| GOAL OF THE EXERCISE |
Copy the listing in full and exactly, omitting its images.

COLLECTED DATA below:

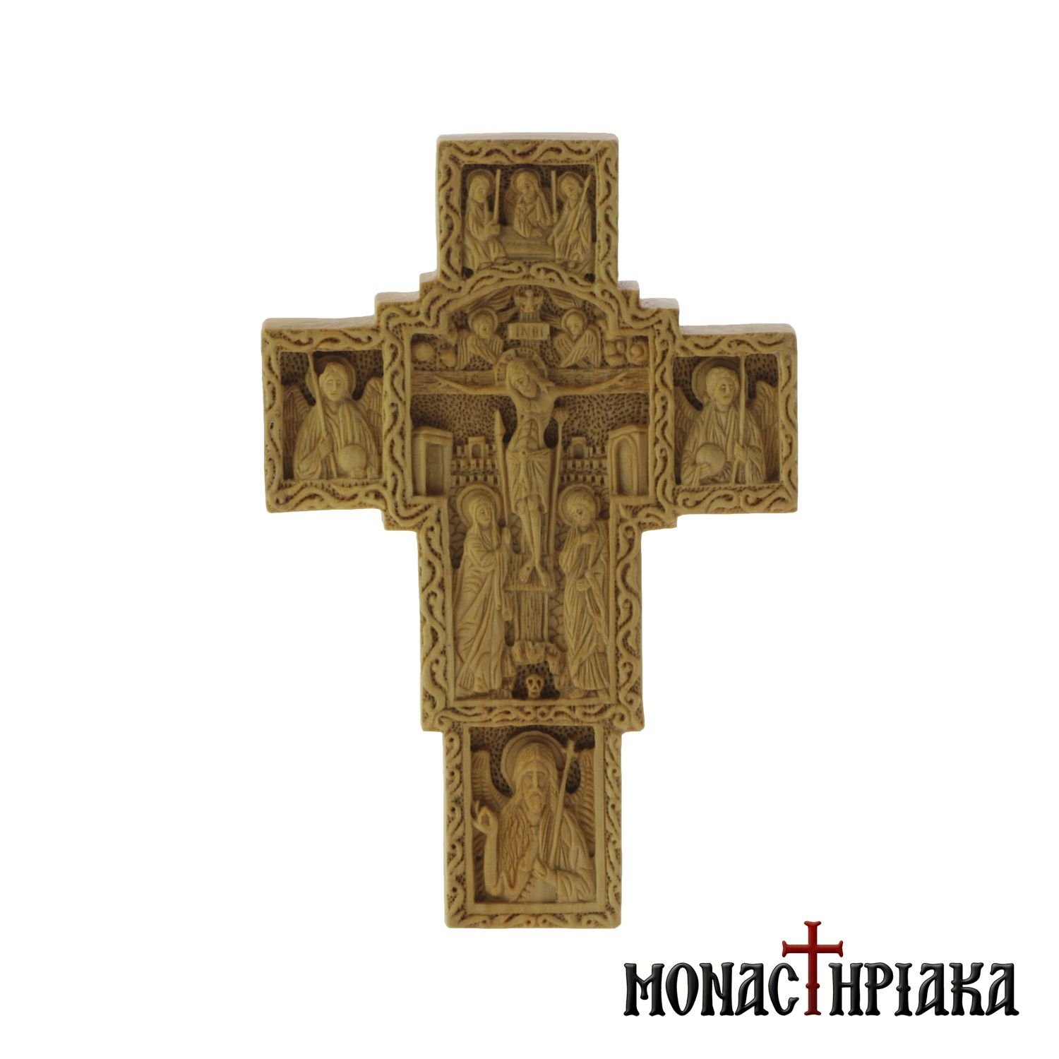 Multi-personal, handmade, wood-carved cross in boxwood, made by the monks in the Holy Scete of Saint Demetrios on Mount Athos. In the center of the cross, as a central theme, is presented the Crucifixion of the Lord, with Virgin Mary and the beloved disciple of Jesus, John, at the base of the Holy Cross. At the top, we can see the Hospitality of Abraham and the presence of the Holy Trinity. At the bottom, saint John the Forerunner is depicted. On the right and left sides, the Archangels Michael and Gabriel are presented.
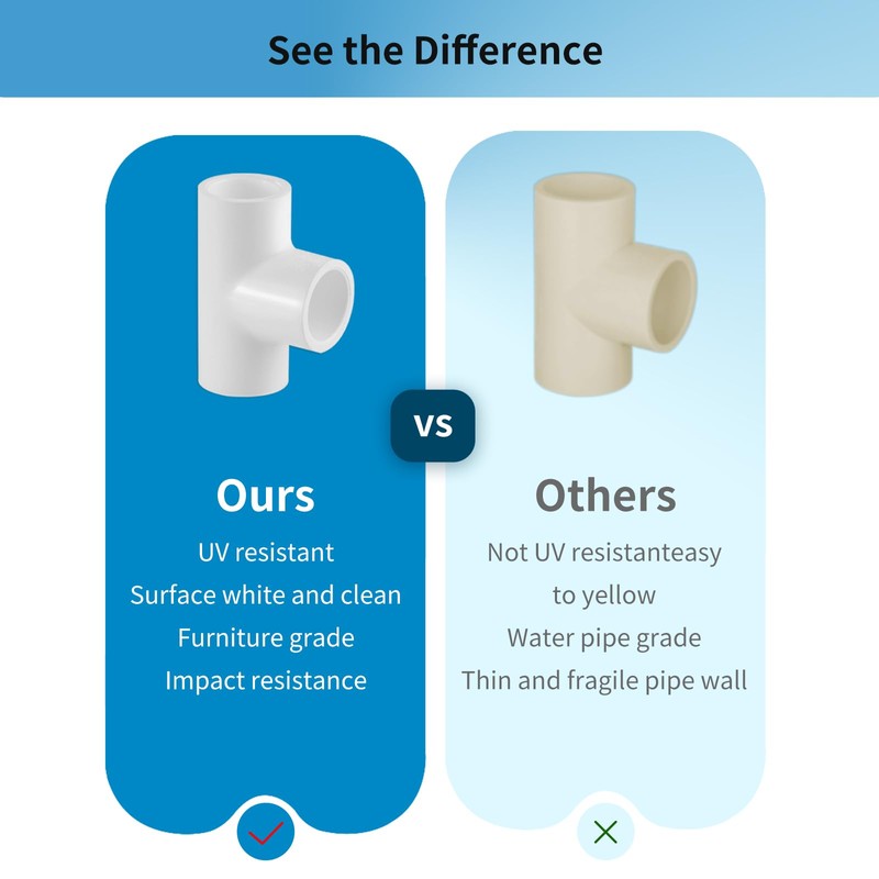 • Application: Furniture-Grade SCH40 Parts, 1/2inch suitable for indoor and outdoor use. Building any type of structure out of tee pvc pipe fittings, such as diy cat enclosure, shelves, pool products, chairs, desks, puppy play cube or puppy gym, garden supports structures and so on
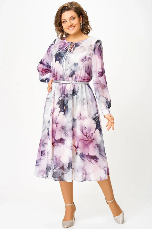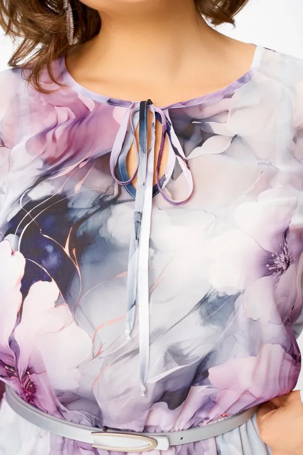 Платье из воздушной шифоновой ткани, на трикотажной подкладке, отрезное по линии талии, шов собран на эластичную тесьму-резинку. Горловина округлой формы, по переду капелька с завязкой. Рукав втачной одношовный, внизу со сборкой и манжетой, которая застёгивается на 2 петли и пуговицы.
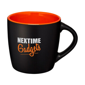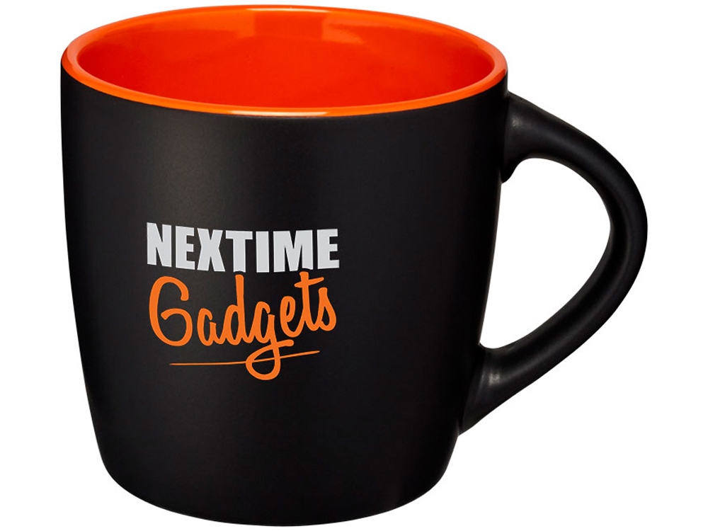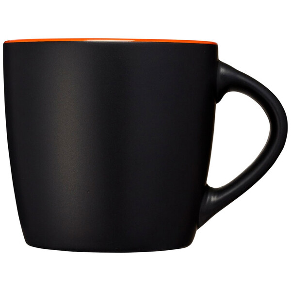 Керамическая чашка Riviera. Чашка с матовым внешним покрытием и цветным акцентом внутри, объем 300 мл. Соответствует EN12875-1. Керамика.Вы можете купить из наличия керамическую чашку Riviera, черный/оранжевую с вашим логотипом прямо сейчас, купив доставку курьером

End of COLLECTED DATA.

| RESULT OF THE TASK |
 Multi-personal, handmade, wood-carved cross in boxwood, made by the monks in the Holy Scete of Saint Demetrios on Mount Athos. In the center of the cross, as a central theme, is presented the Crucifixion of the Lord, with Virgin Mary and the beloved disciple of Jesus, John, at the base of the Holy Cross. At the top, we can see the Hospitality of Abraham and the presence of the Holy Trinity. At the bottom, saint John the Forerunner is depicted. On the right and left sides, the Archangels Michael and Gabriel are presented.
 • Application: Furniture-Grade SCH40 Parts, 1/2inch suitable for indoor and outdoor use. Building any type of structure out of tee pvc pipe fittings, such as diy cat enclosure, shelves, pool products, chairs, desks, puppy play cube or puppy gym, garden supports structures and so on
 Платье из воздушной шифоновой ткани, на трикотажной подкладке, отрезное по линии талии, шов собран на эластичную тесьму-резинку. Горловина округлой формы, по переду капелька с завязкой. Рукав втачной одношовный, внизу со сборкой и манжетой, которая застёгивается на 2 петли и пуговицы.
 Керамическая чашка Riviera. Чашка с матовым внешним покрытием и цветным акцентом внутри, объем 300 мл. Соответствует EN12875-1. Керамика.Вы можете купить из наличия керамическую чашку Riviera, черный/оранжевую с вашим логотипом прямо сейчас, купив доставку курьером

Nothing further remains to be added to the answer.